I’ve always wanted to be a writer. A Real. Published. Writer. See my name in print. Anywhere. But I couldn’t just wiggle my nose and think my name will miraculously appear on the cover of a best-selling novel.
As a special education teacher, I’m programmed to think in terms of goals. What do I want my students to achieve with a given period? I think that way even in my personal life. To say, “I want to be a writer”, is so vague. I can’t do anything with that! So my first goal was to determine not what I wanted to write, but WHY I wanted to write. That was easy: be a good steward of what God has given me. This desire to write had to come from somewhere, right? So while trolling a Barnes & Noble, I picked up The Idiot’s Guide to Writing Christian Fiction (appropriate for a newbie, right?) and from there, decided to enroll in the Jerry B. Jenkins Christian Writers Guild (CWG). Best thing I could have done to start learning the craft of writing while maintaining my goal.
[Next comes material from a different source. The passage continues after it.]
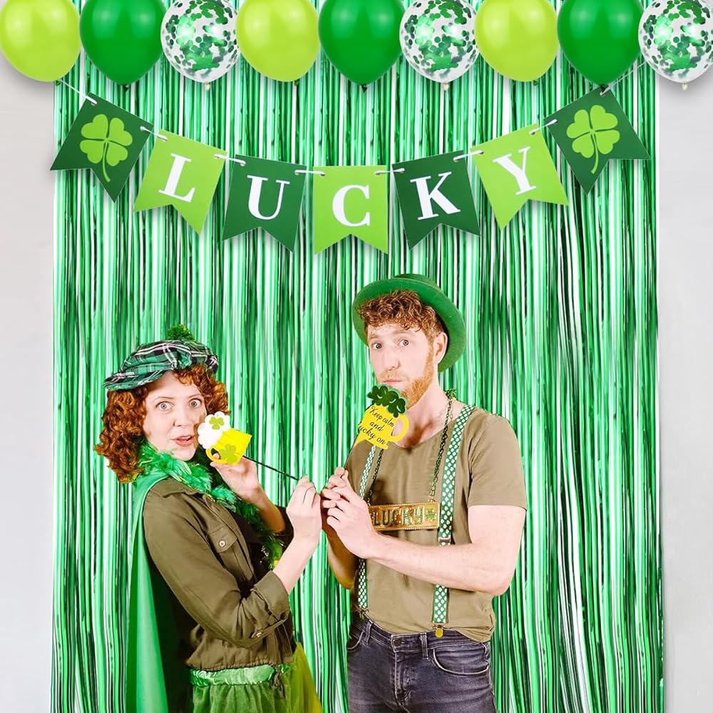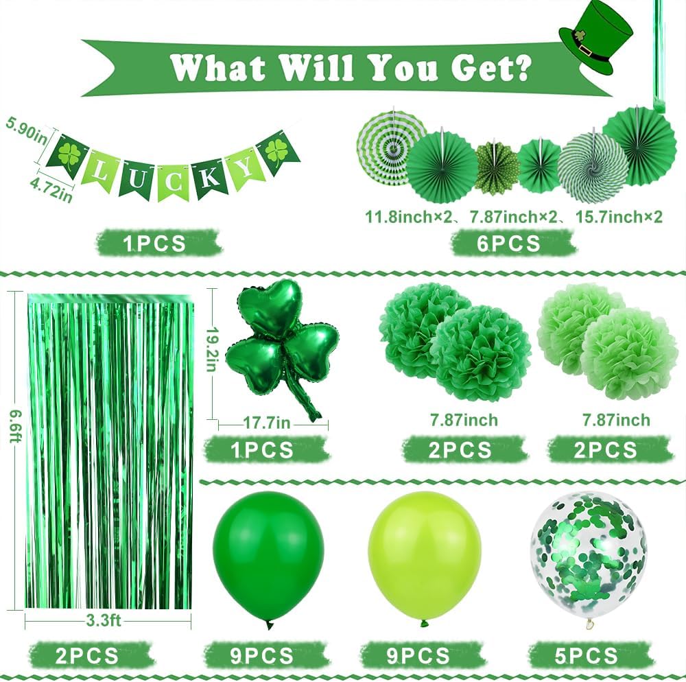Super Value Pack: This set is a one-stop solution for your St. Patrick's Day decorating needs. It includes 2 Packs Tinsel Curtains Backdrop, 1pcs LUCKY banner, 6pcs paper fans, 4 Tissue Pom Poms,1 Shamrock Foil Balloon, 5pcs Confetti Balloons and 18pcs Latex Balloons.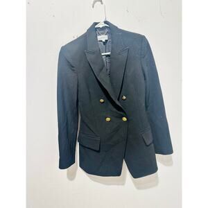 Make a standout statement with this A.L.C. Sedgwick II double‑breasted blazer, featuring sleek black tailoring elevated by bold gold statement buttons. The sharp, structured silhouette in size 2 offers an impeccably tailored fit, cinching at the waist for a polished, feminine edge. A classic notch lapel and full-length sleeves ground its refined aesthetic, while signature gold buttons add a touch of luxe glamour. Fully lined and finished with functional front pockets, it's as practical as it is chic. Ideal for power dressing—wear it over tailored trousers, a dress, or jeans to effortlessly elevate any look.

After that, I wanted to publish something I’d written. The beauty of the CWG is that many completed assignments are actually publishable. And that’s what happened. In 2010, I published an inspirational piece titled “The Light of the World” in The Lutheran Witness. I had achieved my goal.
Now I wanted to write a novel. Done. Took about two years. It’s sitting on my laptop right now.
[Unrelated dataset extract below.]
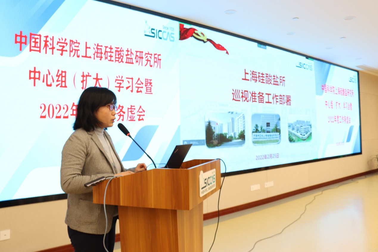 会上,副所长苏良碧领学了侯建国院长作的中科院2022年度工作会议报告。副所长沈兆雷传达了中科院副院长、党组副书记阴和俊在调研上海硅酸盐所时的讲话。纪检监督审计室副主任马晓利对巡视准备工作进行了传达部署。各职能部门负责人结合工作实际,对2022年度重点工作进行深入探讨,提出了具体工作举措和抓手。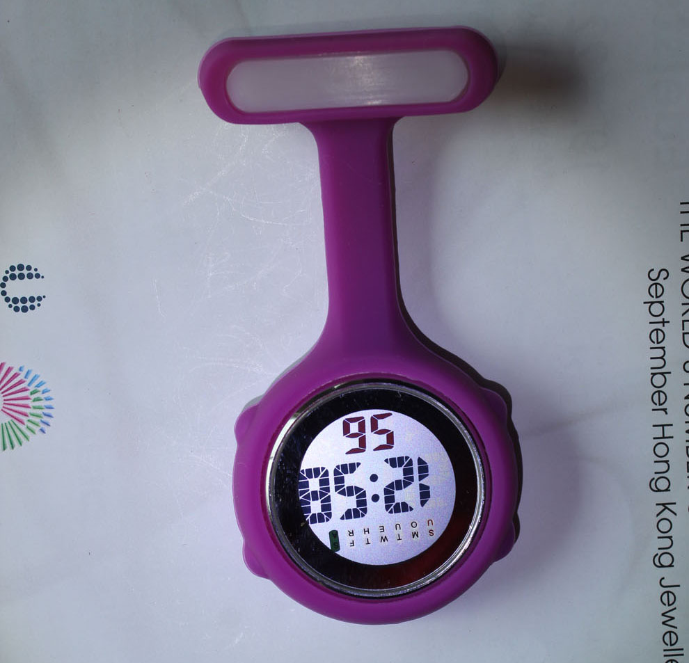 - Product description: SKU#NS888-Purple Digital Silicone Medical Nurse Watch Fob with safety pin, multi-function LED nurse Watch LED Nurse Watch With stop watch,calendar alarm functions, LED medical watches for nurses and d

With a couple of writer conferences under my belt, I know my next goal should be publication. But that’s a whole ‘nother animal. It’s scary. Rejection is a constant companion, no matter how many other people say my work is good. I doubt myself all the time and when rejection comes knocking, I comfort myself by saying, “Well, you did publish something. That’s what you wanted, remember?”
But that was never my PRIMARY goal. It was being a good steward of my writing talent. Being a Christian writer. That means asking God to help me set goals and quitting when He tells me, not the other way around. My writing may reach a wide audience or just the tiny sphere of my critique group. As long as I never lose sight of why I write, then hey, I’m good.